The difference between "what you would do" and "what future-you would do"

The problem with not taking into account a preference change after wireheading is that the robot would incorrectly predict its post-wirehead actions.

The problem with just packaging robot preferences in with the world-state of the prior algorithm is that, even though the robot is then able to correctly predict future actions, the valuations aren't consistent. A wireheaded robot takes the actions it thinks are highest utility, it just happens to be choosing actions the original would think were terrible.

In order to defend against wireheading, you need to:

1. accurately predict what a future (wireheaded) version of yourself would do
2. determine a value of future states that depends only on your current utility function

To get item 2 without sacrificing item 1, we're going to adapt our decision algorithm slightly.

function decide2(state-s):
  max_a = 0
  max_plan = 0
  for a in available actions:
    utility(a) = 0
    for outcome o in possible outcomes:
      (o_value, o_plan) = Utility2(o)
      utility(a) += p(state-s, a->o)*o_value
    end for
    if (max_a == 0 or (utility(a) > utility(max_a)))
      max_a = a
      max_plan = o_plan
    end if
  end for
  return (max_a, [s, max_plan])
  
function Utility2(test_state):
  current_value = test_state.value(test_state)
  (next_action, state_plan) = decide(test_state)
  
  future_value = 0
  for state in state_plan:
    future_value = test_state.value(state)
  
  test_state_utility = (current_value + future_value)

  return (test_state_utility, state_plan)

In this case, the decide2 function returns a tuple.

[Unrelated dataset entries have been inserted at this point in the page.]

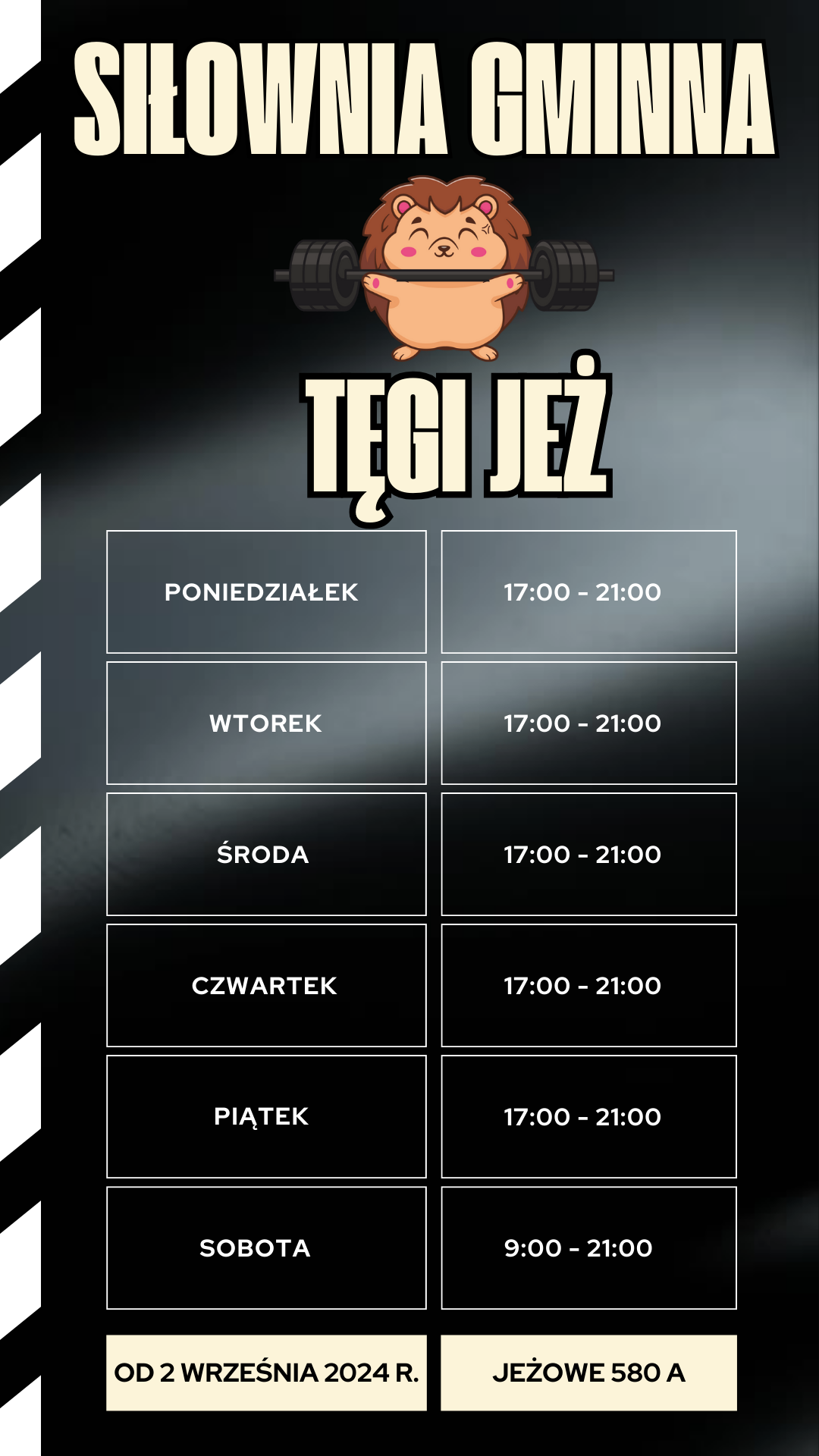 Od 2 września siłownia czynna poniedziałek do piątek od 17.00 - 21.00 Sobota od 9.00 - 21.00
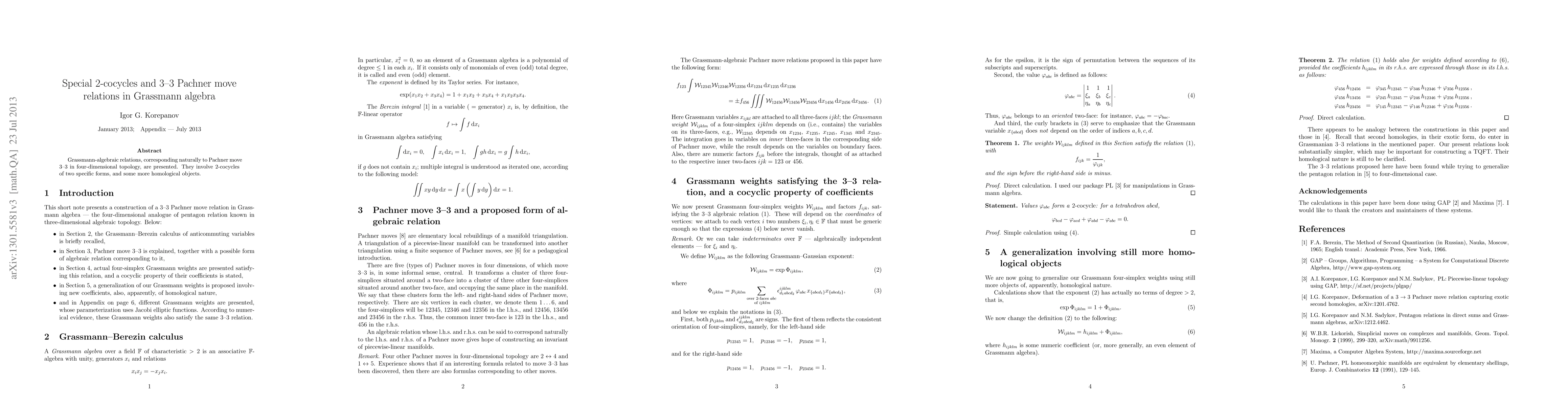 Summary: This paper explores Grassmann-algebraic relations associated with the 3--3 Pachner move in four-dimensional topology, focusing on special 2-cocycles and related homological structures. The findings offer insights into algebraic representations of topological transformations.
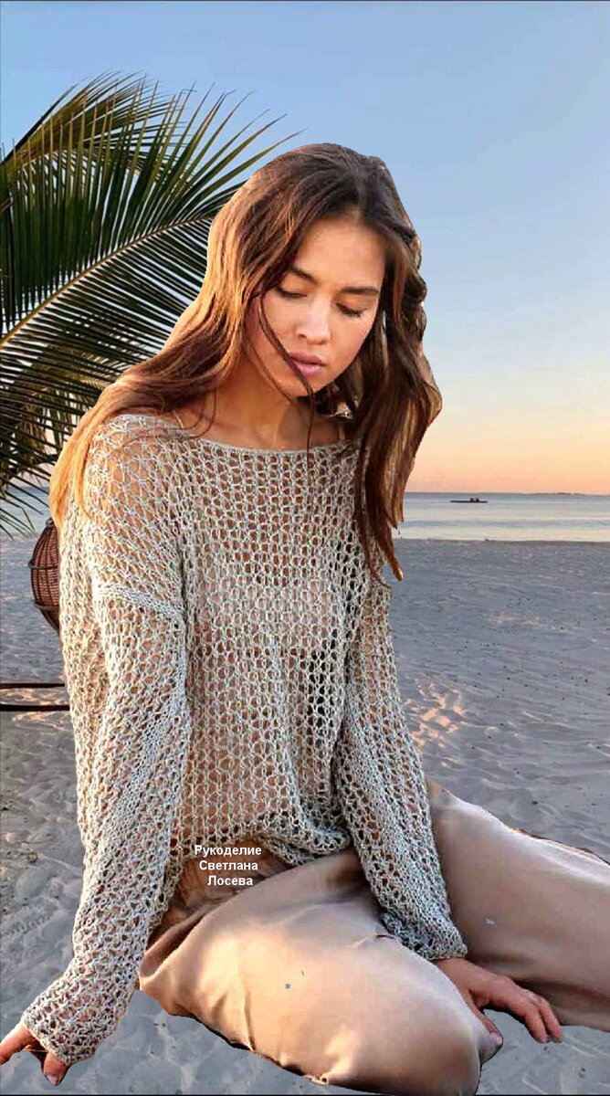 Стильный джемпер на лето узорами с вытянутыми петлями и сеточкой смотрите как вязать: https://dzen.ru/video/watch/6285ece687757c1460efd477
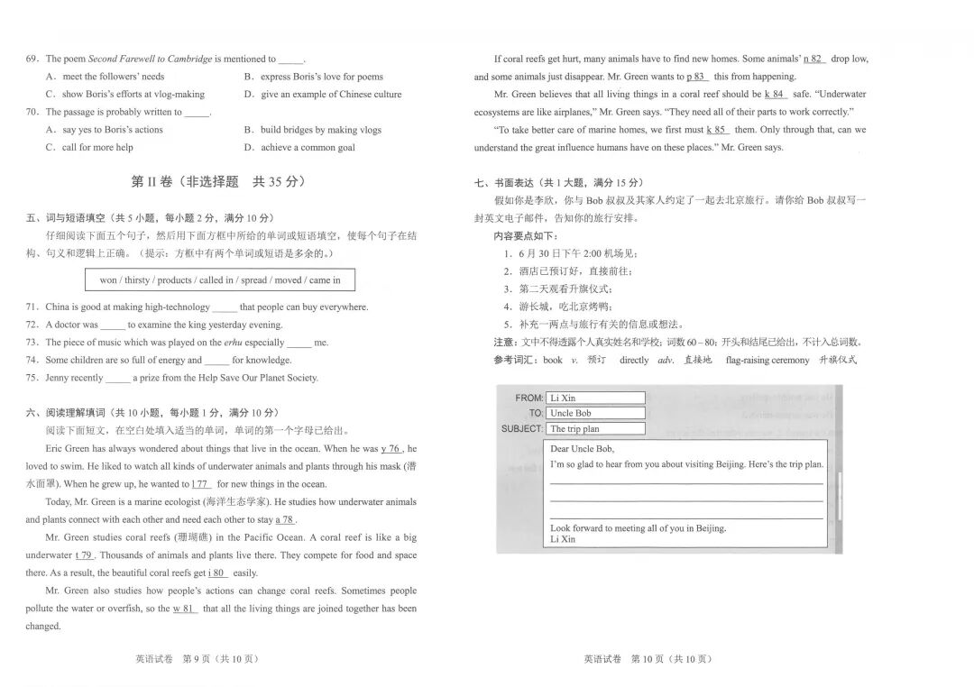 各科试卷、参考答案来了!具体如下:
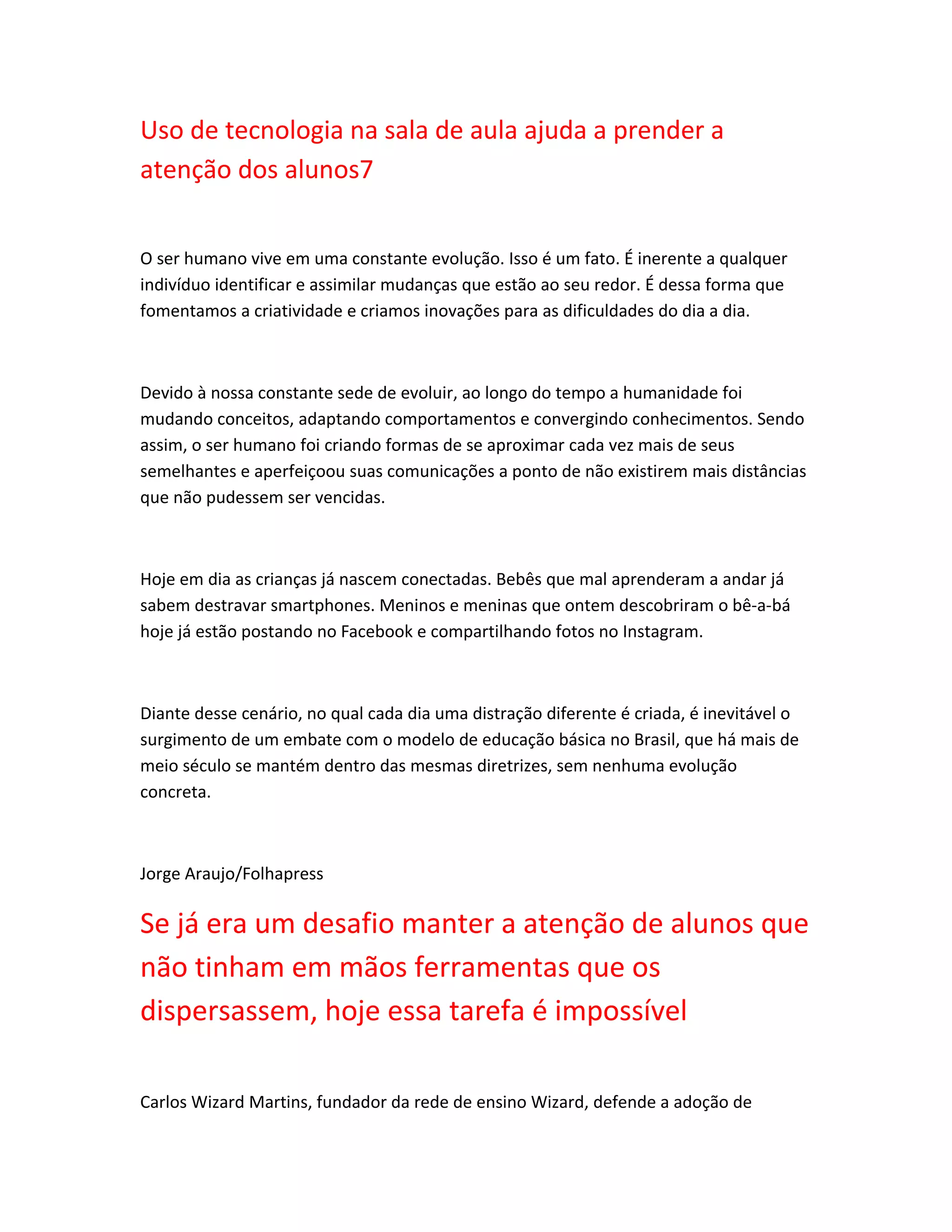 O documento discute a necessidade de incorporar tecnologia na educação brasileira para prender a atenção dos alunos e tornar o aprendizado mais envolvente. Defende que os métodos de ensino precisam se adaptar aos hábitos dos nativos digitais e proporcionar uma aprendizagem mais personalizada, lúdica e baseada em conceitos de gamificação e redes sociais. No entanto, reconhece que existem desafios burocráticos, estruturais e de desigualdade social que dificultam essa mudança.
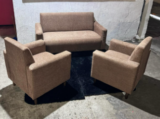 Juego de sillones de tapizado beige con mesa central de madera, ideal para salas de estar.
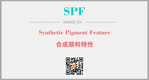 上述内容是“Synthetic Pigment Feature”作为“SPF”的缩写,解释为“合成颜料特性”时的信息,以及英文缩略词SPF所代表的英文单词,其对应的中文拼音、详细解释以及在英文中的流行度和相关分类、应用领域及应用示例等。

The first element of the tuple is the next action to take. That's the same as the only return value in the original decide function. The second element of the decide2 function is a complete future-history: a list of the expected states given what the robot thinks it will decide.

The Utility2 function also returns a tuple. The new element is the same state-plan as the decide2 function. In this case, the Utility2 function re-values each of the proposed future states using the value function of the current state. If a predicted version of a robots code makes decisions using a different value system, all the robot cares about is if its decisions lead to valuable states in its current value system.

Wirehead defense isn't wirehead immunity

The adapted decision algorithm described above will avoid wireheading when wireheading obviously results in lower utilities. It will not avoid doing all behaviors that a human might think of as wireheading. It may choose to do the equivalent of heroin if the risk of addiction is low, or if the potential gain (as measured using the current utility function) is high.

The above algorithm also won't stop wireheading if the robot gets tricked into it. As long as the algorithm can "see it coming" in some sense, it will attempt to avoid it. To see it coming, the algorithm needs to have access to its own code. It also needs to be able to modify a representation of its own code and simulate the modifications. There are some circumstances in which we may not want the robot to simulate arbitrary changes to its value function.

In the worst possible case, an attacker could arrange a situation in which the robot has the opportunity to change its value function in some complicated way. The attacker may be able to propose a clever value function that, if simulated, executes arbitrary code on the robot. The risk for this seems higher for more complicated value functions. There are ways to mitigate this risk, but it's not something to take lightly.